China accounted for 19 percent of US imports in the first half of 2009, up from 16 percent in 2008, according to US Census Bureau figures, the Wall Street Journal reported Friday.

The US trade deficit with China in the first 11 months of last year, however, was $209 billion, a 16 percent drop from a year earlier, which was $248 billion, according to statistics from the US Census Bureau.

US President Barack Obama made an ambitious pledge to double US exports over the next five years in his recent State story of the Union address.

Goldman Sachs estimates that such a scenario might require a 4.5 percent average annual global GDP growth accompanied by a 30 percent US dollar depreciation, Reuters said Friday in a commentary.

The US has been a complainant in 93 out of the 400 or so disputes registered with the World Trade Organization in its 15-year history, the most of any nation, Reuters said Friday. Through the end of 2009, only India had more active antidumping and countervailing-duty measures than the US, it said.

Tensions seem to have mounted between Beijing and Washington due to wrangling over issues including the value of the yuan, US arms sales to Taiwan and a scheduled meeting between President Obama and the Dalai Lama, who is viewed by Beijing as a Tibetan separatist.

The Obama administration drew Beijing's ire last week by threatening a "much tougher" enforcement of existing trade rules.

The US and China were also in dispute over the latter's Internet policy, after Google threatened to pull out of the country, accusing Beijing of backing official cyber attacks on the e-mail accounts of Chinese activists.

Wang Fan, an international affairs expert with the China Foreign Affairs University, said Sino-US relations are one of the most important bilateral relations in the world.

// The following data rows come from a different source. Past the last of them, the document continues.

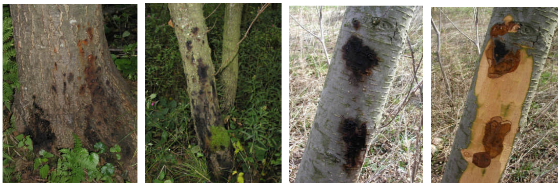
Jellegzetes kárnyafoltok a törzsön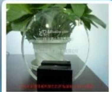
Outstanding and Honorable E-Businessman Award by Alibaba in 2011

Tarjeta inteligente co., Ltd de Shenzhen Chuangxinjia ofrece pulseras RFID en una variedad de materiales, como silicona, tejido (tela) y el plástico, el papel de etcetera. Podemos personalizar para incluir su logotipo y tenemos una variada gama de ofertas de color. Tenemos pulseras de RFID para punto de venta, habitaciones sin llave, control de acceso y seguridad, prevención de falso, programas de lealtad de clientes y ambientes impermeables. Nuestro objetivo es ayudar a pulsera de diseño bien sellado que fiabilidad puede almacenar y transferir datos.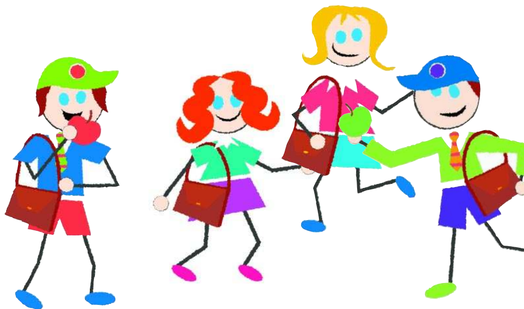
2000 élèves ont retrouvé les bancs d'école.

► Les éléments «difficilement» gérables sont une petite frange mais ils peuvent compromettre leur propre parcours ou une ambiance de classe. Ils demandent attention et énergie. A Sierre, heureusement, pour l'heure on ne peut pas parler de terrorisme scolaire. Notre objectif est de préserver l'acquis. Divers projets et réalisations éducatifs sont en cours: médiations scolaires, espaces d'accueil, réseau d'intervention réunissant les différents acteurs concernés: parents, enseignants, Aslec, police... La Ville est en train de se doter d'une réelle politique de l'Intégration et de la Jeunesse.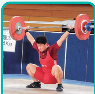
ウエイトリフティング部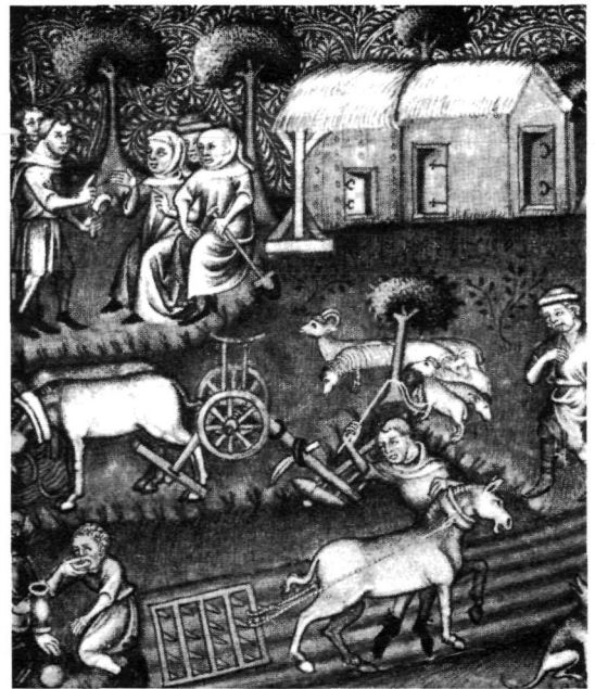
Figuur 2. Afbeelding uit N. Oresme: Politiques en économique d'Aristote , 1372. Kon. Bibl. Albert I te Brussel. We zien spitten, ploegen en eggen. Naar een afbeelding in Roger Linskens: Wat een leven , deel 5.

den, rouwe velden etc. Zuur was ook al geen lovend adjectief. Beemden lagen vaak op zure gronden. Te Zundert vinden we in 1683 'den sueren beemt' 12 ; in diezelfde plaats lagen ook: De Zurendonk, De Zuurweide en Het Zuurveld. Grofzandige akkers konden in het vroege voorjaar makkelijk gaan verstuiven. In de Baronie liggen twee nederzettingen met de naam Stuivezand, nl. bij Zundert en bij Oosterhout. Verder komt Stuift als akker-naam verspreid voor, bv. te Lijndonk in 1527 'de Stuyft' 12 en te Wernhout in 1471 eveneens 'de Stuyft' 13 . Daarnaast kende men 'vliegende zanden' en zelfs 'vliegende vennen'. Zo wordt een stuk grond te Rijen in 1425 aan de geburen gemeenschappelijk uitgegeven en onder hen verdeeld, omdat 'het hen groote scade begonst te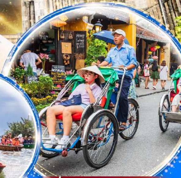
นั่งรถสามล้อฮิโกล์

พักบน บานาฮิลล์ 1 คืน นั่งกระเช้าที่ยาวที่สุดในโลก ขึ้นสู่บานาฮิลล์ ชมเมือง ฮอยอัน เมืองมรดกโลกที่สวยงามและเจียบสงบ พิเศษ!! บุฟเฟ่ต์นานาชาติ บานาฮิลล์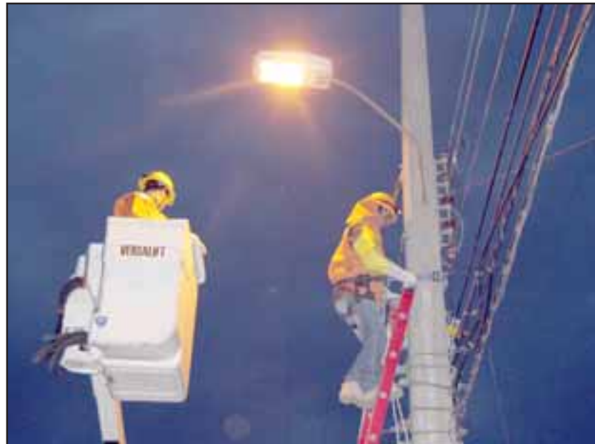
Trabajadores en pleno proceso de cambio de focos de esta cuarta etapa que contempla reemplazar 1.639 luminarias viales con diferentes potencias.

Lo anterior adquiere relevancia si se considera que en Chile el consumo energético de un municipio por concepto de alumbrado pú-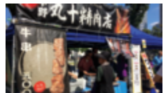
～ 模擬店がズラ～リ… ～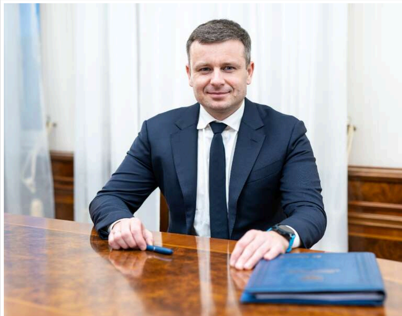
Декларація з «білими плямами»: як міністр фінансів Марченко обзавівся нерухомістю без вказання цін

Міністр фінансів і його «конфіденційна» нерухомість: як Марченко оформлює активи без ціни та відкритості.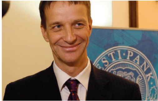
Majandusdoktor Ardo Hansson, Eesti Panga president aastast 2012

Uue põlvkonna majandusteadlasi tuli Eestisse ka väliseestlaste seast. Üheks väljapaistvamaks maailmatasemega majandusteadlaseks on Ardo Hansson (1958), Eesti Panga president, kes kaitses majandusdoktori kraadi Harvardi Ülikoolis.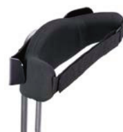
Control pélvico dinámico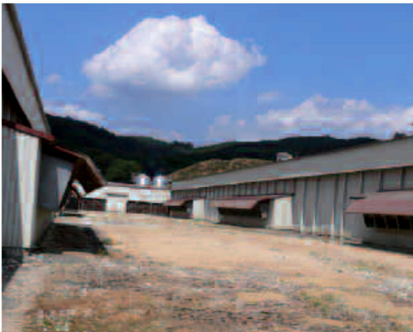
図1 鶏舎周囲の除草

また、鶏舎内のネズミの餌場、住みか、通り道を撤去・清掃する（図2）。羽毛やビニールなどは格好の巣材となってしまう。完全に行うことは難しいが、できるだけ実施する。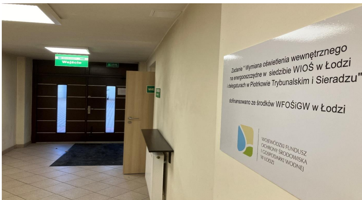
Fot. 8. Nowe oświetlenie w siedzibie WIOŚ w Łodzi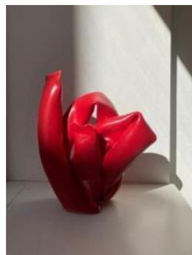
Sculpture d'Arlette Simon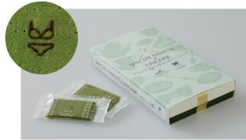
キャンペーンオリジナル「茶の菓」（非売品）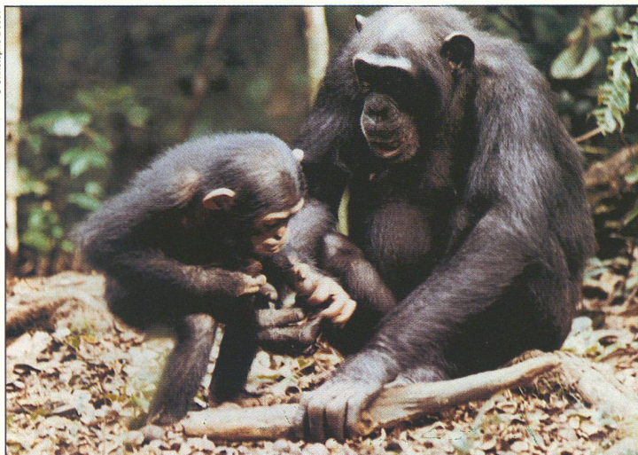
Mutter als Lehrmeisterin: Mit ihrem Kind teilt sie die Nüsse ( Coula oleosa ), welche sie soeben geschickt geöffnet hat.

Diese Beobachtung zeigt, dass die in einer Sippe gepflegte Technik nicht in jedem Fall bestmöglich an die Umwelt angepasst ist. Doch gerade solche nicht immer optimale, nicht perfekt rationelle Verhaltensweisen sind ja ein Ausdruck von Kultur – und damit einer engeren Verwandtschaft zwischen Affen und Menschen, als wir dies bis anhin wohl geglaubt hatten. ☐

"The relation is so complicated that new conflicts continue to emerge while the existing ones are yet to be solved," Wang said.

However, with their expanding common ground, the two countries wouldn't fall into a "cold war," Wang said.

"Relationship between China and the US will always be somewhere between perfect and the worst. That is to say not as good as in the so-called scenario of the Group of 2, nor as bad as any sort of new cold war," Wang said.

Niu Xinchun, a researcher at the China Institutes of Contemporary International Relations, said China and the US should avoid a showdown despite the non-stop frictions.

"Conflicts will be accompanied by cooperation," Niu said. "The Obama administration would balance its attempts to contain China and its willingness to cooperate with it."

At the Munich Security Conference Friday, Chinese Foreign Minister Yang Jiechi said a more developed China is an opportunity rather than a threat to the world.

"The argument that a strong nation is bound to seek hegemony finds no supporting case in China's history and goes against the will of the Chinese people," he said.

The WSJ called "a cheap currency, regulated interest rates and low energy prices" part of China's strategy, and that it is "stoking discontent in fellow developing countries, not just in Western capitals."

The export resurgence has reached into new markets, the WSJ said. A majority of China's exports now go to other developing countries, with exports to India, Brazil, Indonesia and Mexico growing by 30 to 50 percent in recent months, the WSJ reported, citing figures from China International Capital Corp.